Low field magnetoelectric studies on sol–gel grown nanostructured YMnO3 manganites

Abstract

Single phasic nanostructured YMnO₃ manganites were successfully synthesized by employing acetate precursor based modified sol–gel technique followed by their sintering at different temperatures. Structural studies were carried out by performing X–ray diffraction (XRD) measurement and Rietveld analysis on raw data of XRD. Particle size and shape were studied using transmission electron microscopy (TEM) while size distribution was investigated by performing particle size analyzer. Nanostructured samples were studied for their electrical properties under low applied magnetic field of 1.2T. Frequency and magnetic field dependent dielectric behavior has been understood on the basis of boundaries between the particles and inverse Dzyaloshinskii–Moriya (DM) interaction. Nanostructured YMnO₃ manganites exhibit positive magnetodielectric (MD) effect. Universal dielectric response (UDR) model and relaxation mechanism have been employed for dielectric behavior of the samples understudy.

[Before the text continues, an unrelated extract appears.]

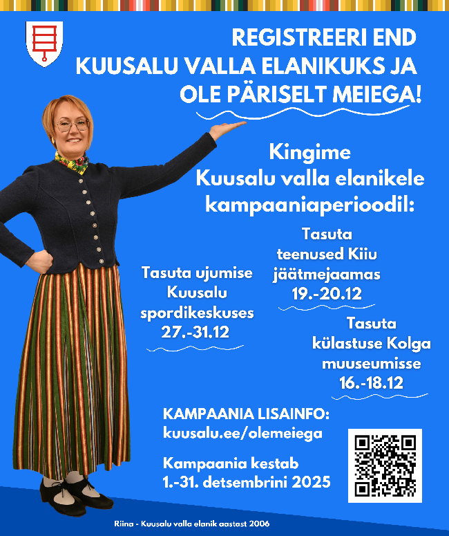 Kolga muuseum ootab täna, homme ja ülehomme Kuusalu valla sissekirjutusega elanikke TASUTA külla! Juba alates reedest saab kampaania raames tasuta teenuseid Kiiu jäätmejaamas ning...
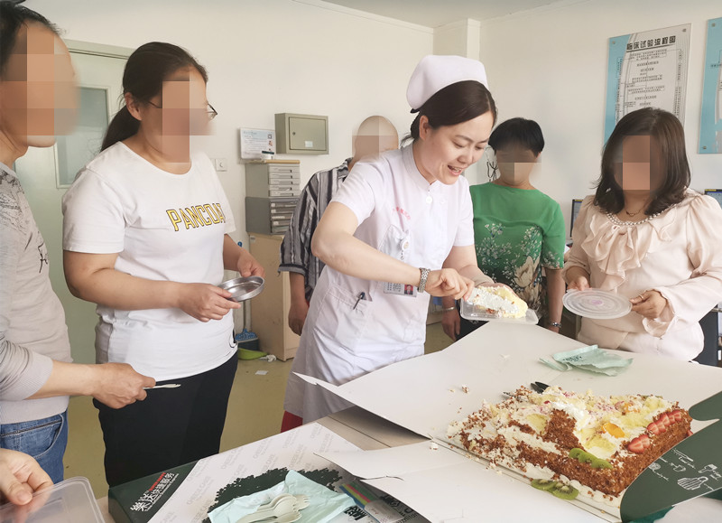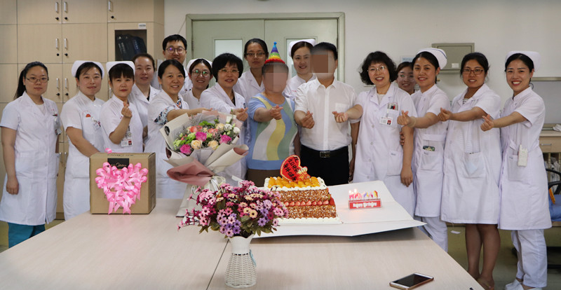5月20日上午,我院肿瘤内科一病区传来了阵阵生日快乐歌和开心的笑声,许多患者和患者家属好奇地向医办室内张望,只见桌上摆着漂亮的鲜花和生日蛋糕。这是一场特别的生日宴会,寿星是一位十年前不幸罹患癌症的63岁邢阿姨,而此次生日party是阿姨患病以来第二次在肿瘤内科的病房里举行了。

Role of particle morphology and magnetic disorder have been discussed for the understanding of impedance and negative magnetoimpedance (MI) of the samples. Frequency and magnetic field dependent variation in conductivity has been explained using boundary and magnetic disorders and free charge carriers in the samples. All nanostructured YMnO₃ show positive Magnetoconductivity (MC) throughout the frequency and magnetic field range studied. Variation in voltage dependent hysteretic capacitance and estimated built–in potential have been discussed in the context of the role of defects, vacancies, disorder and free charge carriers in the samples sintered at different temperatures.